REQUIRED WORK: Repeat every line of the data exactly; no picture belongs in the copy.

STORED DATA START

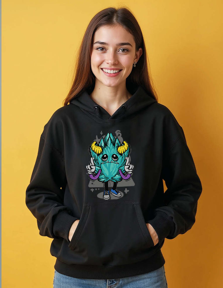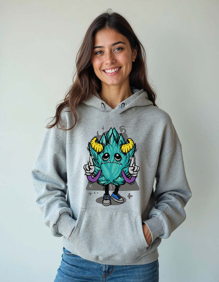 Cute Horned Monster Peace Sign Streetwear Unisex Printed Graphic Hoodies
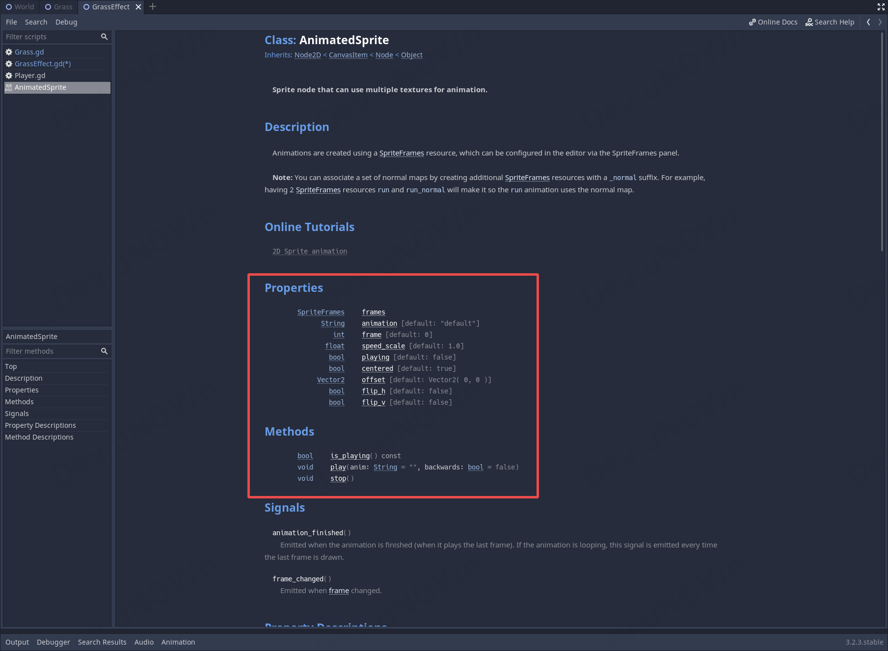 따라서 프레임을 되감아준 다음 재생하면 되는데요. 아까 우리가 봤던 Docs에서 이를 수정하는 속성이 있습니다.
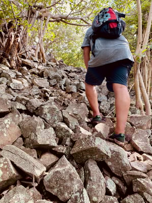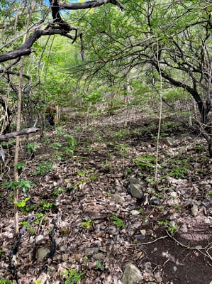 Es ist gar nicht so einfach den Pfad nach oben zu finden und so wandern wir viel querfeld ein. Zudem ist es durch den vielen Regen sehr rutschig. Nach ca. 230 Meter Aufstieg (in Teilen krabbeln
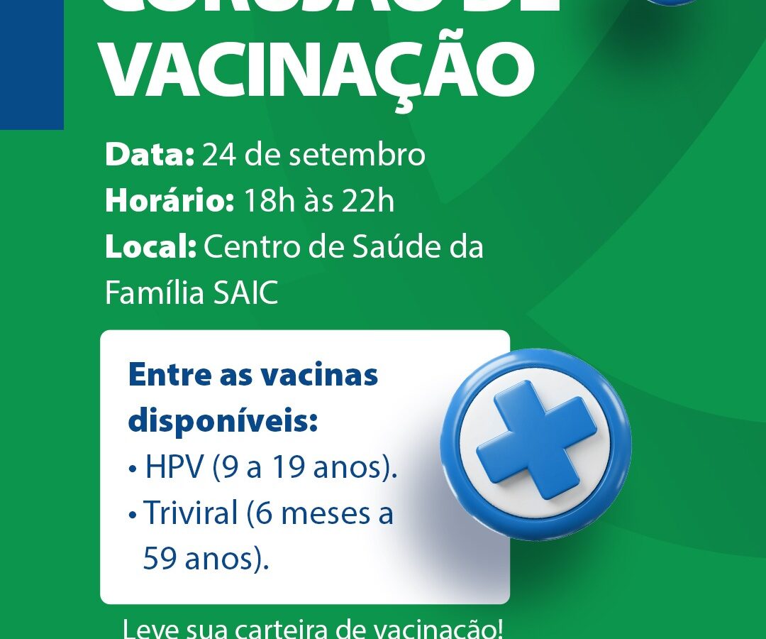 A Prefeitura de Chapecó, por meio da Secretaria de Saúde, realizará na próxima quarta-feira (24), um Corujão de Vacinação no Centro de Saúde da Família do SAIC, das 18h às 22h. De acordo com o secretário de Saúde, João Lenz, o foco é na atualização das carteiras vacinais da população. A ação acontecerá em horário estendido para facilitar o acesso dos trabalhadores e estudantes que não conseguem comparecer durante o dia.

STORED DATA END

RESULT FOR THIS TASK:
 Cute Horned Monster Peace Sign Streetwear Unisex Printed Graphic Hoodies
 따라서 프레임을 되감아준 다음 재생하면 되는데요. 아까 우리가 봤던 Docs에서 이를 수정하는 속성이 있습니다.
 Es ist gar nicht so einfach den Pfad nach oben zu finden und so wandern wir viel querfeld ein. Zudem ist es durch den vielen Regen sehr rutschig. Nach ca. 230 Meter Aufstieg (in Teilen krabbeln
 A Prefeitura de Chapecó, por meio da Secretaria de Saúde, realizará na próxima quarta-feira (24), um Corujão de Vacinação no Centro de Saúde da Família do SAIC, das 18h às 22h. De acordo com o secretário de Saúde, João Lenz, o foco é na atualização das carteiras vacinais da população. A ação acontecerá em horário estendido para facilitar o acesso dos trabalhadores e estudantes que não conseguem comparecer durante o dia.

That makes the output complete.